-- Opening Marker --

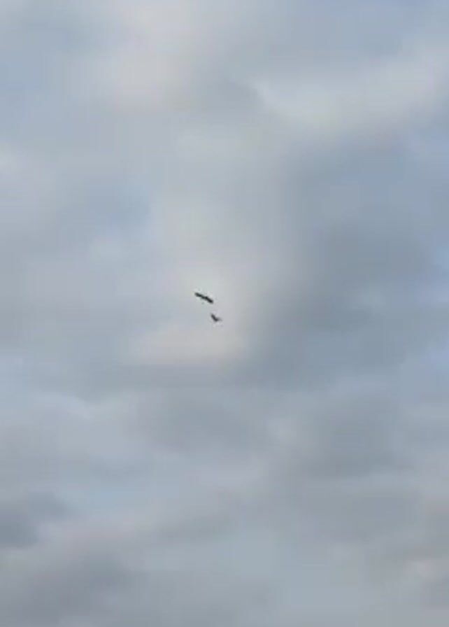 two birds flying in a cloudy sky
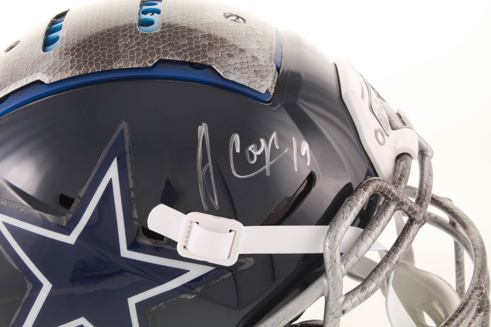 Schutt Dallas Cowboys full-size authentic on-field hydro dipped F7 helmet. Hand-signed in silver paint pen by Amari Cooper
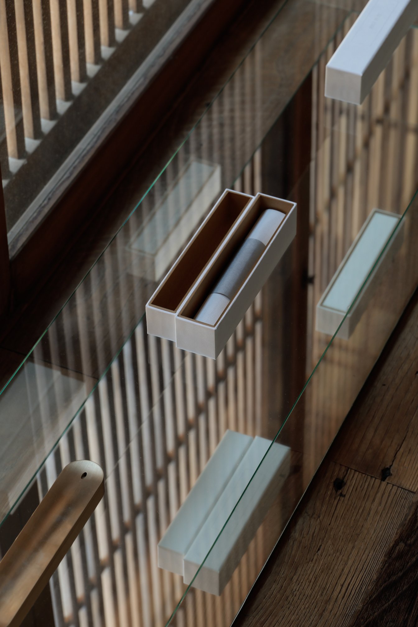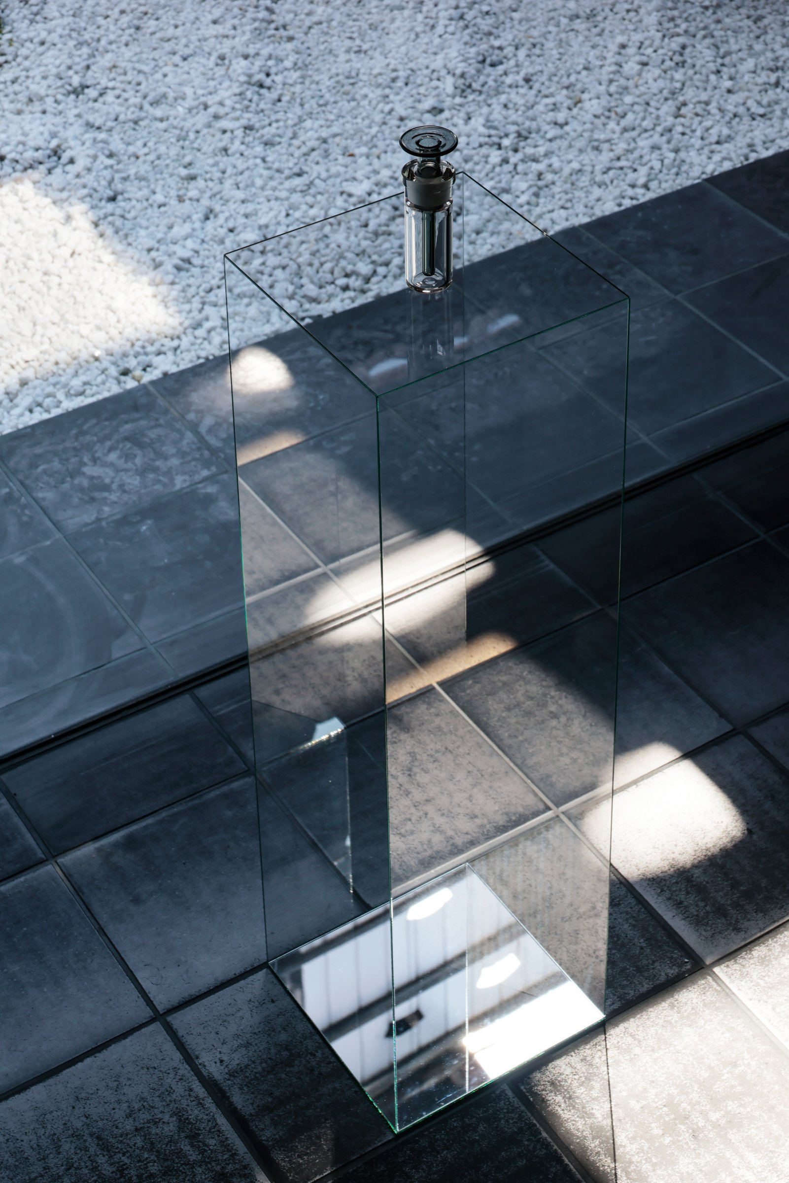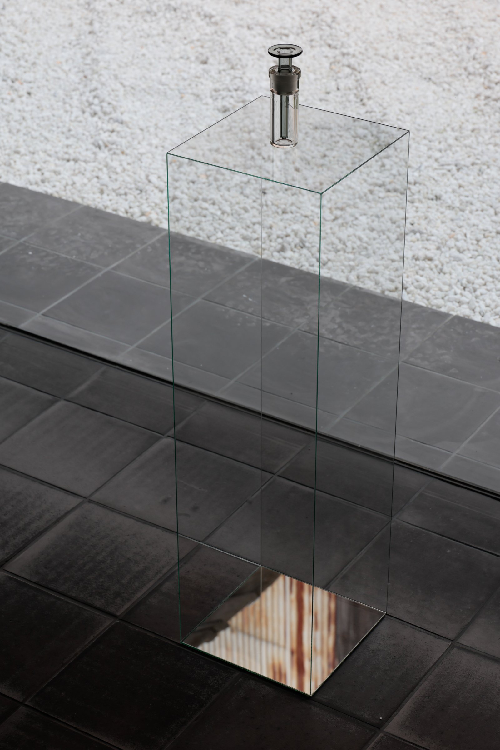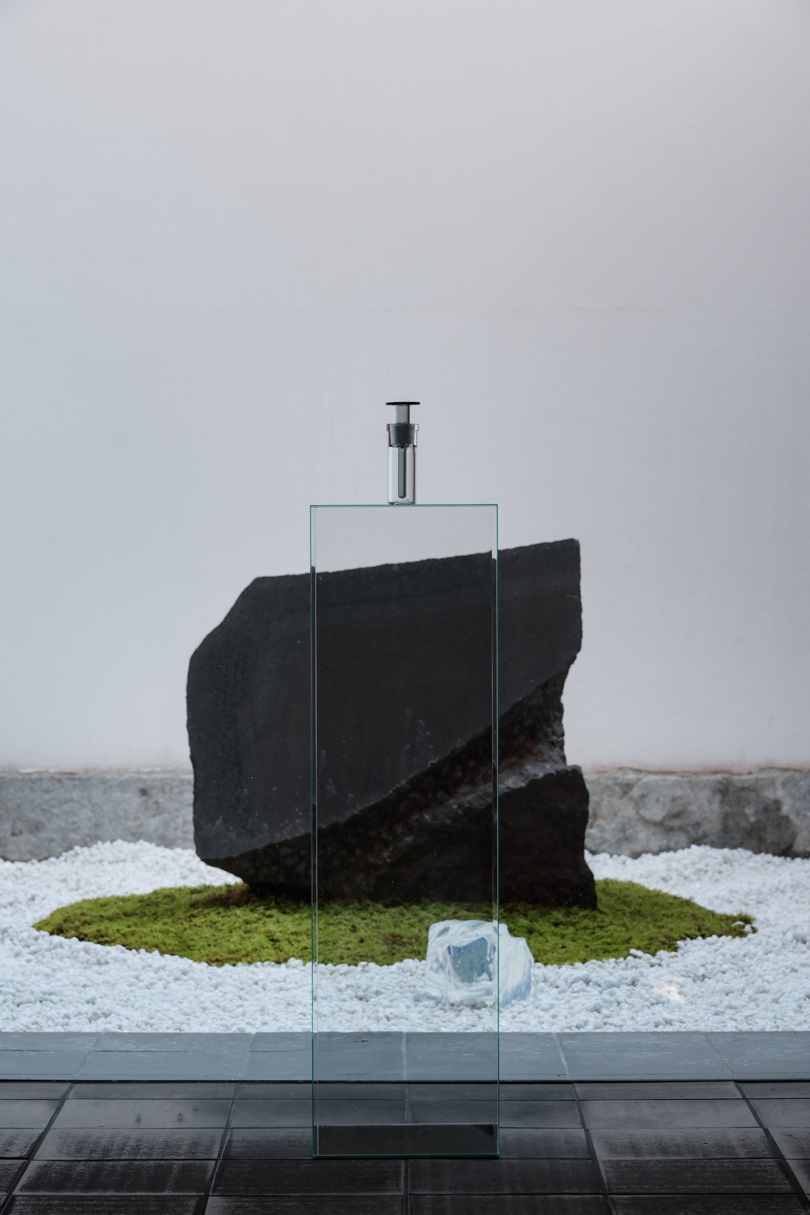 祇園の総合芸術空間「T.T」では、両足院での展覧会に呼応するガラスと鏡を用いたインスタレーション「月面の光(こう)」を同時開催。三保谷硝子店が手掛けた、極限まで薄く作られたガラス什器の上に香水とお香が設置されている。光の反射によっては何も見えない中に香りだけが存在し漂う様子は、月面の閃光現象と同様、ただ反射し漂い、消えていくという「空虚」を体現したものとなっている。なお、香水とお香は現在同店で販売している。

-- Closing Marker --

TASK STATEMENT:
No picture should be included when the data are set down again exactly.

OUTPUT:
 two birds flying in a cloudy sky
 Schutt Dallas Cowboys full-size authentic on-field hydro dipped F7 helmet. Hand-signed in silver paint pen by Amari Cooper
 祇園の総合芸術空間「T.T」では、両足院での展覧会に呼応するガラスと鏡を用いたインスタレーション「月面の光(こう)」を同時開催。三保谷硝子店が手掛けた、極限まで薄く作られたガラス什器の上に香水とお香が設置されている。光の反射によっては何も見えない中に香りだけが存在し漂う様子は、月面の閃光現象と同様、ただ反射し漂い、消えていくという「空虚」を体現したものとなっている。なお、香水とお香は現在同店で販売している。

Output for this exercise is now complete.